FD: You are generalizing a lot. I found it interesting how often Scorsese included scenes in which Jordan holds forth in front of a crowd, and the last shot is of an audience, as if he meant to include the spectators in the theater as part of the same duped group. But isn't American Hustle also about how we all hustle ourselves, about how the tendency to dupe each other is a fundamental part of the American dream?

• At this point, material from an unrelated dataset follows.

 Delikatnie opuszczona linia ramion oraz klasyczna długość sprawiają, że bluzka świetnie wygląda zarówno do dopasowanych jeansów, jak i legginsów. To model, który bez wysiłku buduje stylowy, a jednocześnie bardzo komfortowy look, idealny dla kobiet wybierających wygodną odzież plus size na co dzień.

B: Yes. That is one of the dreams of American Hustle, but unlike in the case of Wolf, we care about how these characters reinvent themselves in order to avoid crashing and burning. These are people who think on their feet, who understand and empathize. Now granted, they sometimes use that to their advantage, but they are more fundamentally human. For example, when Christian Bale's character Irving Rosenfeld joins the Mayor Carmine's (Jeremy Renner) party and Carmine gives him a microwave, Irving could have easily used Carmine to get what he needed, but instead he goes to Carmine and apologizes. In spite of the fact that he's a con artist. Irving has a Hemingwayesque code of honor and he's man enough to risk getting the shit kicked out of him to apologize. Irving understands that he did Carmine wrong. Even Jennifer Lawrence's Roselyn, given how crazy she is, still has her inability to function without her child and her jealous reaction to Sydney (Amy Adams) entering the room. All of these things are recognizably human. They have a sense of what is going too far. The characters in Wolf have no moral compass of any sort, either from some external source (like a religion), or one of their own making. And that's too easy. Talk about movies that make men look bad. This movie makes all men who like it look like schmucks or dickheads.

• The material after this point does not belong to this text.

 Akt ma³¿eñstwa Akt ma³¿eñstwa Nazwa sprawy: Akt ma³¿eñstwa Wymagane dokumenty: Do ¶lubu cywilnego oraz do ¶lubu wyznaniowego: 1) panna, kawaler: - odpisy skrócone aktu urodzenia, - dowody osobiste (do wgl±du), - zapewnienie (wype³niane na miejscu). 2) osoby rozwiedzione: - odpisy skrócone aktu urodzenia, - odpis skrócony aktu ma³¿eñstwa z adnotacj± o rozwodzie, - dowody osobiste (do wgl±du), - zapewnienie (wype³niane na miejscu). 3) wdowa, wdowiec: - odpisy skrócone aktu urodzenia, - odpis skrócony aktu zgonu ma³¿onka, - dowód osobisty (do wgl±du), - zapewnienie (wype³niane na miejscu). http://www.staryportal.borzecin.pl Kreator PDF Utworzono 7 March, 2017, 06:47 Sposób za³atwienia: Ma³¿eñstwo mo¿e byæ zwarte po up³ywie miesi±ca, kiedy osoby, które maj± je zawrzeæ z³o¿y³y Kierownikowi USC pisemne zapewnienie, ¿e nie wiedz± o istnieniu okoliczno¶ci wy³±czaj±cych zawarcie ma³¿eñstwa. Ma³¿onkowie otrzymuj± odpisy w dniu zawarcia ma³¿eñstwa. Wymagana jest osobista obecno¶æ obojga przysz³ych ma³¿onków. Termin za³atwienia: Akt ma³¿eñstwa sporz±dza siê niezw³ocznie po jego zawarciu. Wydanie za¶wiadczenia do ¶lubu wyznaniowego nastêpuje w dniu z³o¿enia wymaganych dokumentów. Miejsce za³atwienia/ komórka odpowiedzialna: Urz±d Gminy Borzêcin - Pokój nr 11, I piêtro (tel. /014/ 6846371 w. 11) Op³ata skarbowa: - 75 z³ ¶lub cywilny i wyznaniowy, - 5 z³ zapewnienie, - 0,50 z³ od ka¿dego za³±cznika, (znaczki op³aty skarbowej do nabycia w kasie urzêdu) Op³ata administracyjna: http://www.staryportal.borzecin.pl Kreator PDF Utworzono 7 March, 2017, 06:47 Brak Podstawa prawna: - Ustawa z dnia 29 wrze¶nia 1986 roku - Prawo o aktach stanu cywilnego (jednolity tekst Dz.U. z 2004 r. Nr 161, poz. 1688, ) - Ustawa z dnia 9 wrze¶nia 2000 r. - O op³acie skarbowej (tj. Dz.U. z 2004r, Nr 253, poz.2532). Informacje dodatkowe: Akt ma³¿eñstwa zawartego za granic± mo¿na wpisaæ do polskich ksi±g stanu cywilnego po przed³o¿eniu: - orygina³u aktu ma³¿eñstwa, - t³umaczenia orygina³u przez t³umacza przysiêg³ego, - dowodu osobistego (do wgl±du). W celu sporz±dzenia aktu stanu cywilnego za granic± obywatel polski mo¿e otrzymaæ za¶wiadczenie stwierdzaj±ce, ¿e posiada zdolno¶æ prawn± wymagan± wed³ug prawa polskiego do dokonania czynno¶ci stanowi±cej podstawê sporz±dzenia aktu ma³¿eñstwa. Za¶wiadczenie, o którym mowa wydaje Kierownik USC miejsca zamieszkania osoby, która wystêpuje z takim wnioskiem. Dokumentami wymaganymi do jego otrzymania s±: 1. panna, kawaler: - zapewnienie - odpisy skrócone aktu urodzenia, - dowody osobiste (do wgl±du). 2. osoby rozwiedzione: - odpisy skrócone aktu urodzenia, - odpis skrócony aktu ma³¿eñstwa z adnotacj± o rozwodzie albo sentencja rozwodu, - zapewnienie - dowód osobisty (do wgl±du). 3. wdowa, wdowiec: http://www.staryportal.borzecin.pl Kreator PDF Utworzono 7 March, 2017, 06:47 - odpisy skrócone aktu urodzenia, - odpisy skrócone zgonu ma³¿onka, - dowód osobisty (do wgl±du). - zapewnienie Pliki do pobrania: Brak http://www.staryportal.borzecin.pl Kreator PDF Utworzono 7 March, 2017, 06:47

FD: But isn't your problem fundamentally with Jordan's point of view, and aren't we supposedly able to look beyond that?

B: Scorsese doesn't let us look beyond it. It's like being repetitively hit over the head with a large mallet. It's a one-trick movie. I only need to be hit over the head one time. Even in the meticulous way Irving works on his comb-over is much more subtle than anything in Wolf.

FD: Who knows if your appalled reaction is to Scorsese pushing the envelope . . . ?

B: He dehumanizes everybody. How can dehumanizing ever be funny? Is Hitler funny? Is 200 years of racism amusing? That's not even counting sexism.

FD: Yes, your sense of outrage may be a key aspect of why the movie will do well both critically and commercially. Scorsese in his way fits right in with the cynical devil-may-care attention-matters-the-most zeitgeist of Miley Cyrus. In order for anything to break through the fuzz of the media clatter, it must shock, and your reaction seems to suit that. Perhaps that's what Scorsese intended.

B: As we sit here intellectualizing this movie, there are tens and thousands of white men who are incapable of intellectualizing anything, and all they see is "I want my own whore to snort cocaine off of." It is Scorsese cynically playing to the masses, and those viewers who believe that the dehumanizing is okay, that I object to.

FD: Good point.

B: If everybody could intellectualize it, then it would be fine. Take something like Django Unchained. Tarantino takes on a hateful subject, but there is still nuanced characterization. So people get their say. You get to look at multiple points of view, and any viewer can decide on their own interpretation. But we don't get that prism in Wolf. It's a harsh narrow ray of light, and you can't see beyond it. Something like Boogie Nights (1997), which concerns the porn industry, has lots of different back stories, and perspectives. And it's not that every bad guy has to be punished. We have to know under what basis they operate. And it has to be more than greed, because it's not very interesting. Wolf is constructed to glorify greed, dehumanization, sexism, classism, racism, in fact anyone who is not a traditional white man. Why should I like that?